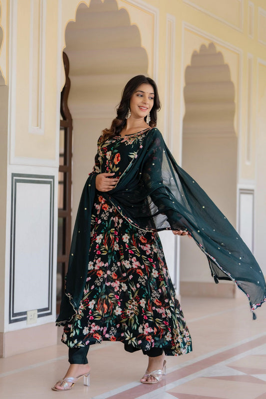 Bottle Green Chinon Frock Kurti 3 Pieces Set
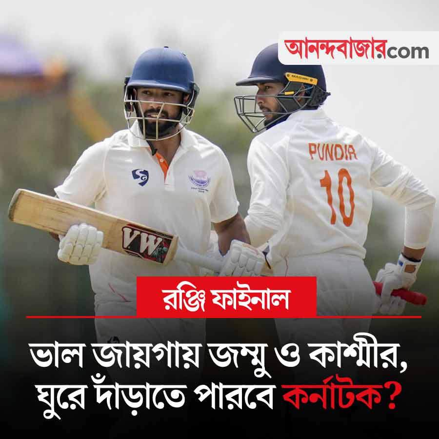 রঞ্জি ট্রফির ফাইনালে প্রথম দিনই দাপট জম্মু ও কাশ্মীরের। কর্নাটকের বিরুদ্ধে প্রথম দিনের শেষে তারা ২ উইকেট হারিয়ে ২৮৪ রান তুলেছে। ১১৭ রান করে অপরাজিত রয়েছেন শুভম পান্দির। প্রথম বার রঞ্জি ফাইনালে উঠে চ্যাম্পিয়ন হওয়ার স্বপ্ন দেখছে জম্মু ও কাশ্মীর। কর্নাটকের বোলারেরা কি ঘুরে দাঁড়াতে পারবেন? পাঁচ দিনের ম্যাচের দ্বিতীয় দিনের খেলা শুরু সকাল ৯:২০ থেকে।
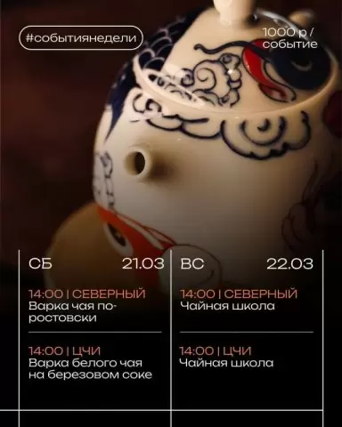Пока команда Чайной Истории готовит для вас ролик с уникальным чаем, предлагается ознакомиться с интересными мероприятиями, которые ждут вас в эти выходные.
---------------
Copying starts at the line containing "রঞ্জি ট্রফির ফাইনালে" and ends at the last line of the material above; repeat only those lines exactly and omit the pictures.

*Reply to the exercise*
 রঞ্জি ট্রফির ফাইনালে প্রথম দিনই দাপট জম্মু ও কাশ্মীরের। কর্নাটকের বিরুদ্ধে প্রথম দিনের শেষে তারা ২ উইকেট হারিয়ে ২৮৪ রান তুলেছে। ১১৭ রান করে অপরাজিত রয়েছেন শুভম পান্দির। প্রথম বার রঞ্জি ফাইনালে উঠে চ্যাম্পিয়ন হওয়ার স্বপ্ন দেখছে জম্মু ও কাশ্মীর। কর্নাটকের বোলারেরা কি ঘুরে দাঁড়াতে পারবেন? পাঁচ দিনের ম্যাচের দ্বিতীয় দিনের খেলা শুরু সকাল ৯:২০ থেকে।
Пока команда Чайной Истории готовит для вас ролик с уникальным чаем, предлагается ознакомиться с интересными мероприятиями, которые ждут вас в эти выходные.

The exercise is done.